Paine developed his ideas on civil rights and justice in his Agrarian Justice. He argues that a state is predicated on the basis that it makes its citizens better off than they otherwise would be without its constitution. But, he finds, many of the poorest people in the civilized societies of Europe are in a worse state than the so-called ‘uncivilized’ native American Indians. The inequity has much to do with land and property ownership, a privilege Paine suggests should be taxed since the generation of wealth that makes it possible requires the support of society. The proceeds of land and property taxes should be invested in a welfare system, access to which is a right of every citizen.
In 1802 Paine returned to America, but it was not to be a happy homecoming. In The Age of Reason, Paine had argued against both atheism and Christianity in favour of a deism which rejects any appeal to divine revelation.

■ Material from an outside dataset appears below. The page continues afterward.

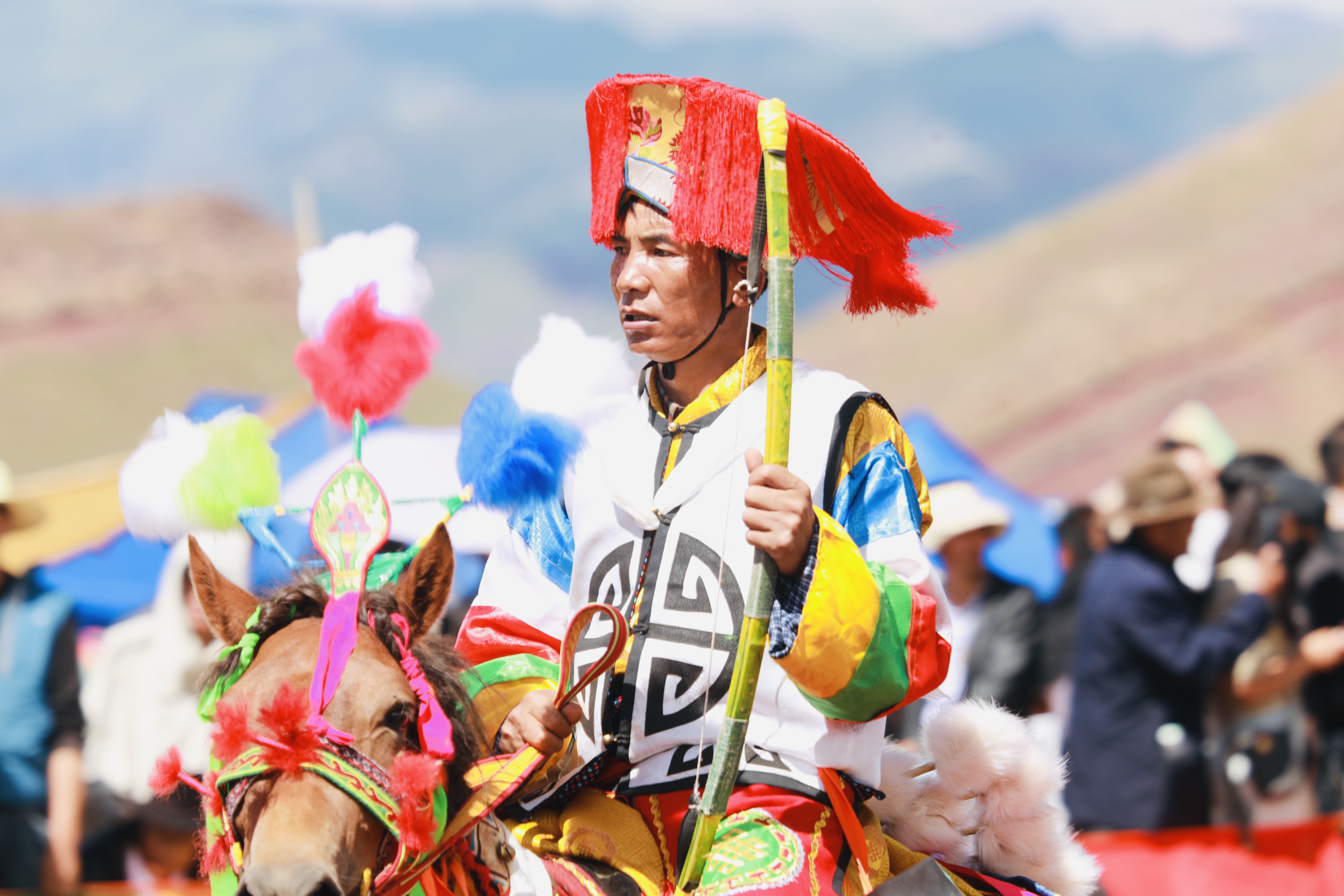 據(jù)悉,賽馬是西藏各地為慶祝豐收舉行“望果節(jié)”(賽馬節(jié))時的傳統(tǒng)慶典活動,是群眾最為喜愛、流傳最廣的體育運動之一。圖為沖許嘛(藏語意為“敬酒者”)為騎手唱歌、敬酒、敬茶。

Rather, the belief in God is claimed to be intrinsically reasonable, a logical conclusion to the question of why anything exists at all. Paine rejects both organized religion and the Bible’s portrayal of a vindictive, vengeful God. Unfortunately for Paine, America was deeply Christian and frowned upon his religious writings, despite his previous service to her. Though he remained in the United States for the rest of his life, he died in obscurity.
Paine’s work is characterized by a rare integrity that rails against political oppression, organized religion and poverty. Despite the massive influence of his early writings he remains a philosopher who, curiously, is rarely mentioned.

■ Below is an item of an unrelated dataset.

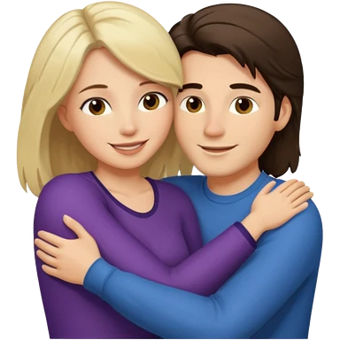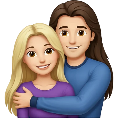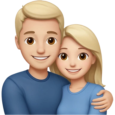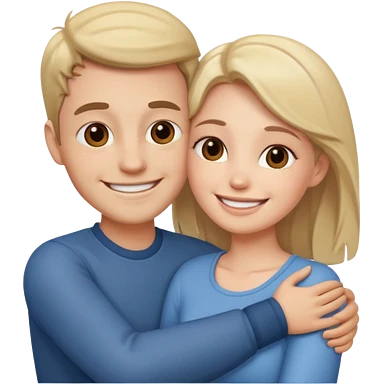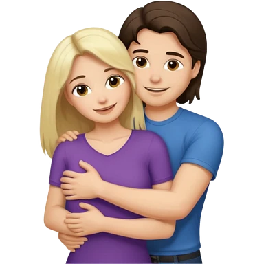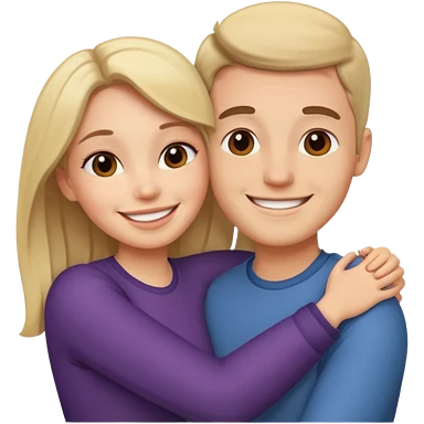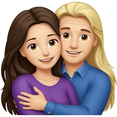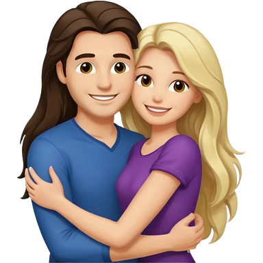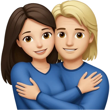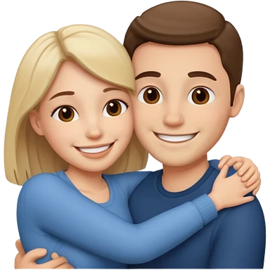 A happy boyfriend and girlfriend hug. She is brunette sexy with long hair. He is blonde short hair emoji

52. Jeremy Bentham 1748–1832
What one ought to do is to maximise pleasure and minimise pain
Born in London, Bentham was trained to become a lawyer but became dissatisfied with its over-complex language and conflicting principles. He undertook instead an inquiry into the very nature and basis of law, morals and politics, which he found could be united by a single principle. This principle, which insists that the good for man is the attainment of pleasure and the absence of pain, is a reflection of the simple hedonistic psychology known and promoted since the time of Epicurus. However, Bentham wove the principle – which he called the principle of utility – into the very fabric of philosophy, society and culture, popularising a system of ethics, known as ‘utilitarianism’, that is still of major importance today.